Why do babies cry?

How to interpret what a crying baby wants

Crying babyA baby is trying to express through crying that he is hungry, tired, thirsty, cold, hot, bored, lonely, or uncomfortable. It may not be easy for parents at first to interpret what the baby requires or what is making him uncomfortable but gradually with careful observation we can see a pattern in all such actions.

Crying is a baby's first language. Like all languages, it is spoken in a very individual way. It takes time, patience and perseverance before one can truly say one has mastered the steps and can understand precisely what is being said.

On some days your baby may cry for twenty to thirty minutes four or five times a day before feedings, sleeping, or elimination.

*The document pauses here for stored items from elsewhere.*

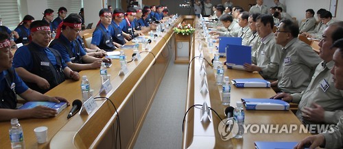 | △ 현대차 노사 2015 임단협 첫 상견례 (울산=연합뉴스) 장영은 기자 = 현대자동차 노사는 2일 울산공장 아반떼룸에서 윤갑한 사장과 이경훈 노조위원장(지부장) 등 노사 교섭대표 50여 명이 참석한 가운데 올해 임금과 단체협약 교섭을 위한 첫 상견례를 열었다.2015.6.2 young@yna.co.kr |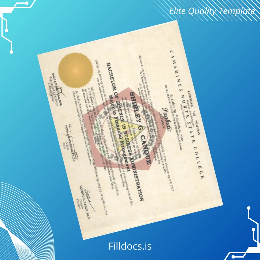Discover the Philippines Camarines Norte State College Bachelor of Science in Business Administration Template – Word/PDF, a professionally designed, fillable diploma form crafted for ease and versatility. This digital diploma download is ideal for those seeking a customizable degree template that allows quick, effortless personalization of essential certificate details. Whether you need a replacement diploma template or a novelty diploma design, this document caters perfectly to educators, students, and professionals looking to restore or produce an authentic-looking certificate.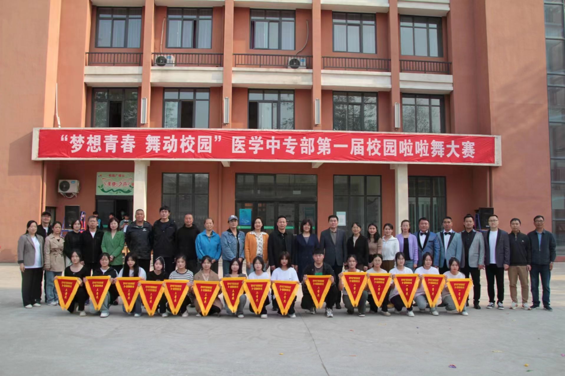 4月9日,一场洋溢着青春活力的啦啦操盛宴在医学中专部操场我校学子健康向上的精神风貌。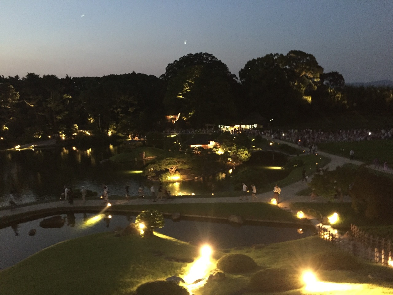 8月は後楽園と併せてライトアップ 夜間入場を行っている。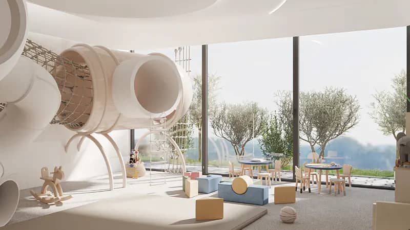 The standout feature is the expansive 20,000 sq. ft. water haven, providing a serene oasis. Additional amenities include a leisure deck, floating river, hydro bikes, padel tennis court, splash pad, rooftop infinity pool, kids' play areas, Zen garden, meditation area and rooftop farming.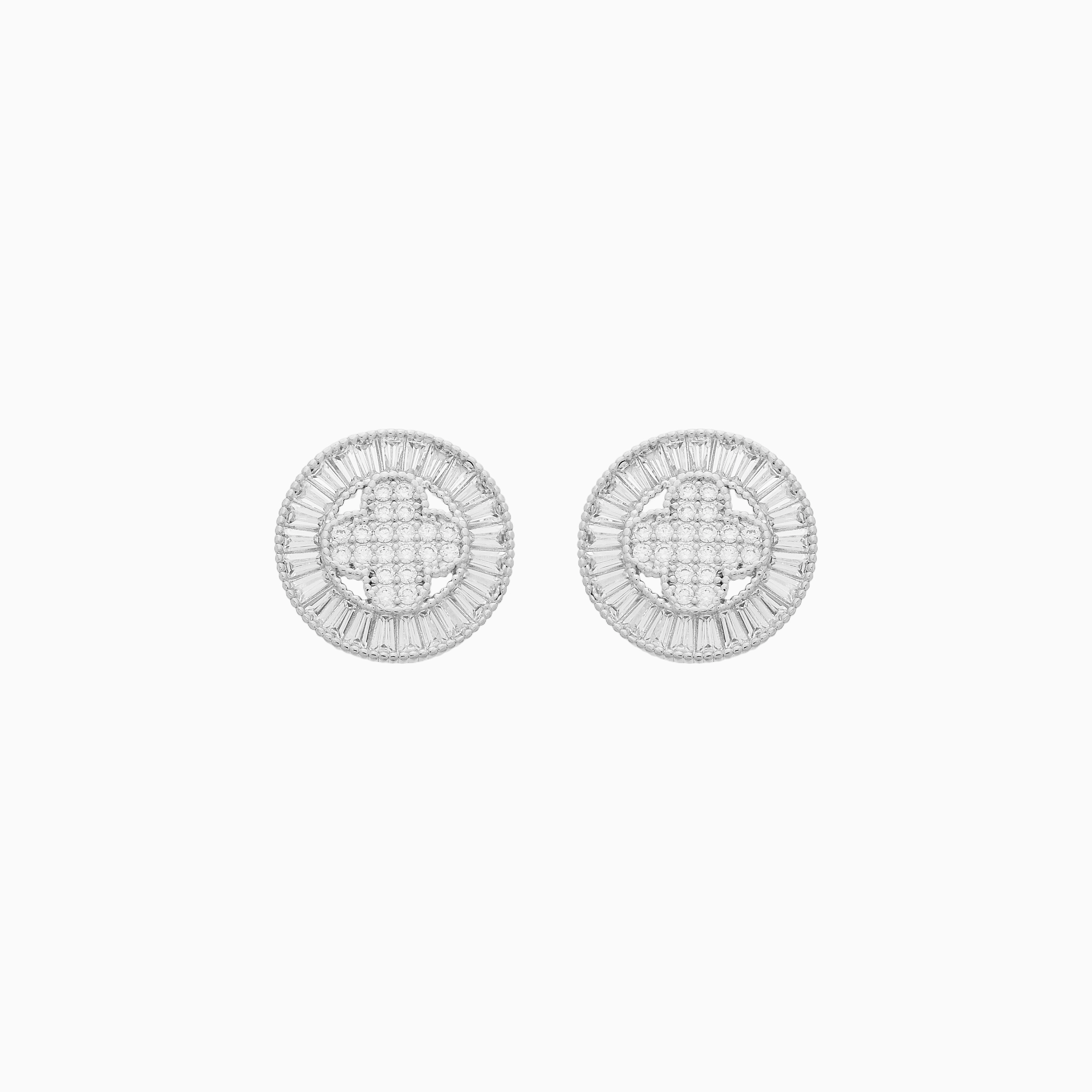 Brinco Pizza Centro Cravejado Banho de Ródio Branco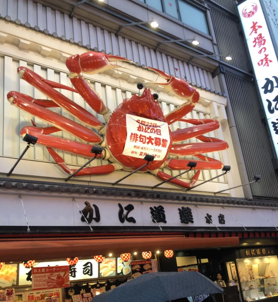 에비스바시를 건너면 대게 요리 전문점인 카니도라쿠가 있다. 식도락이 아닌 “게”도락이라는 뜻이며, 게를 재료로 한 갖가지 요리를 맛볼 수 있다.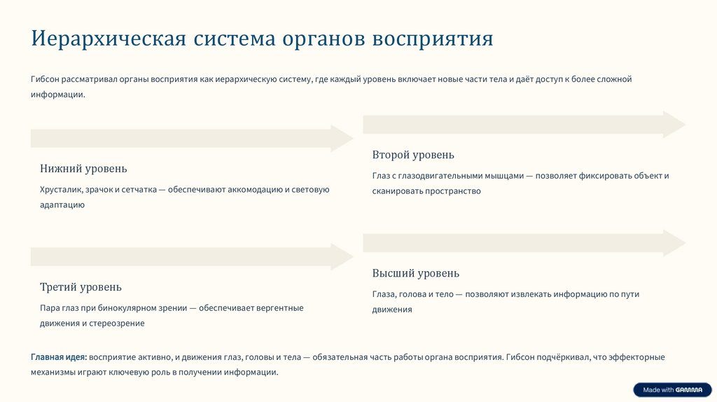 Иерархическая система органов восприятияГибсон рассматривал органы восприятия как иерархическую систему, где каждый уровень включает новые части тела и даёт доступ к более сложной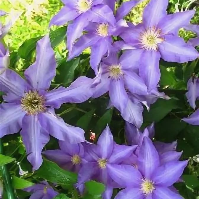 Редкий, очень ценный русский сорт. Цветки светло-лилово-синие со светлой полоской посередине чашелистиков и жёлтыми тычинками, красивой формы.

You can modify this before naps by placing your baby on his tummy. This position helps him control the startling that still accompanies his crying. On other days the baby's crying, squirming, and fussing before sleeping in the evening can last from one to three hours at a time. The longer periods may follow a noisy, busy day, a weekend when father is at home, or a "blue period" for mother.

After lying for hours looking around quietly, a baby may slowly begin whimpering. At first he can be talked to and will become alert and stare at your face for several minutes. You can rock him for almost thirty minutes before he tires and begins to wail again. But sooner or later he will reach a point when no comforting really succeeds more than briefly. Play, rocking, swaddling, changing his diapers, feeding him to be sure he isn't hungry are all useless. He will continue to cry for long stretches, tapering off to deep, shuddering sobs before sleep. These periods may be his attempts to discharge enough energy so that he can settle down. Infants who fuss are more likely to sleep for long periods at night.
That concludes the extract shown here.